The court ordered that security should be provided. To help the court assess what the amount of the security should be, three legal costs accountants provided estimates.
One was provided by Lowes for some €250,000 on behalf of Beakonford, another was provided by McCann Sadlier on behalf of Ms Stokes for around €411,000. A third, on behalf of Ms Wilding, was provided by Peter Fitzpatrick Legal Costs Accounts in the sum of around €454,000.
Mr Justice Twomey said the court favoured the lower figure provided by Beakonford.
The judge said in all three cost accountants' reports, there were no hourly rates provided for the work that lawyers would carry out on the case.
In the Fitzpatrick estimate, he said a figure of €170,000 (excluding VAT) was provided for work by the solicitors (excluding barristers) for costs in preparing and attending what is due to be a six day trial of the case. But this was "without the court having any idea” of how much time the legal practitioner was estimated to expend on the case, he said.
If the legal practitioner worked for 170 hours - the equivalent to working full time for a month on this case alone at a rate of €1,000 per hour - this would in an "inordinate" rate and could not be viewed as reasonable, the judge said.
He pointed out the Taoiseach - holder of the most important office in the country - earns €241,480 per annum.
Based on a 40-hour week this equates to an hourly rate of around €200, excluding pensions and benefits which he noted are not paid to self employed lawyers.
The court was being asked, he said, to approve costs without knowing whether it is based on the lawyer being paid at rates roughly around what the Taoiseach is paid or whether it is "many multiples" of that (where the rate is €1,000 per hour).
Under the Legal Services Regulation Act 2015, costs are required to be "reasonable" which can be done by applying hourly rates, he said.

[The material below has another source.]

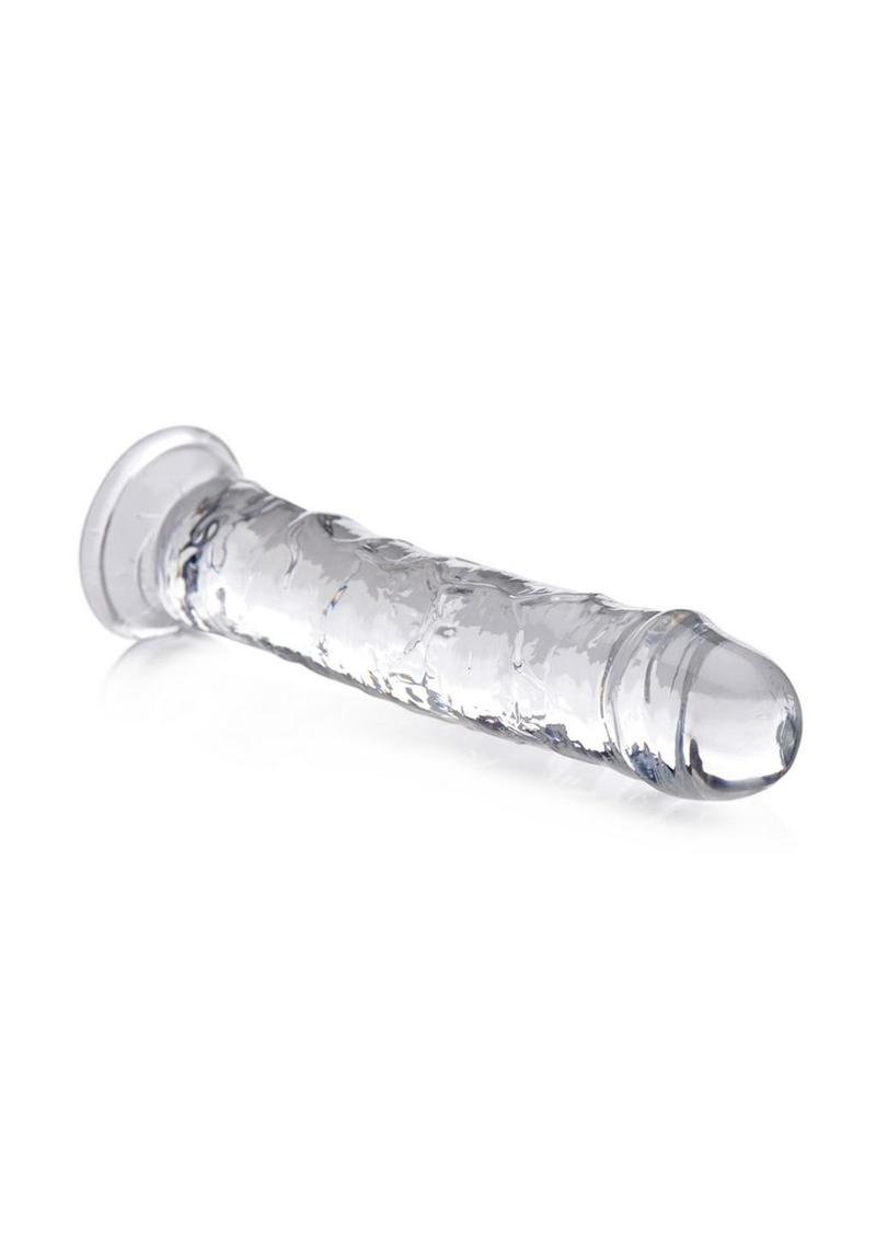 Crystal clear, ultra realisitc, and exceptionally low maintanance for no-nonsense fun! This slim transparent shaft provides a satisfying meaty density from tip to base, featuring realistic hand crafted details for your eyes and your insides to enjoy!

But where costs adjudicated by the State-operated Legal Costs Adjudicator are, in practice, "anything but reasonable since they are at 'millionaire' levels", this is a conflict which requires consideration by the court, he said.

A security for costs application is one of the few occasions in which the courts have any insight to how costs are calculated, even though costs are an integral part of the administration of justice as they often exceed the damages awarded, he said.
As a result, the judiciary, with no control over the level of litigation costs, has repeatedly complained, but without success, about the high costs of litigation in the High Court for at least 60 years, he said.
He also said if he directed the costs accountants to produce new reports based on hours worked that would simply add further to the costs of this case.
Accordingly, the court has adopted the Lowes’ estimate of €250,000, even though it cannot definitively say that this estimate is “reasonable”, he said.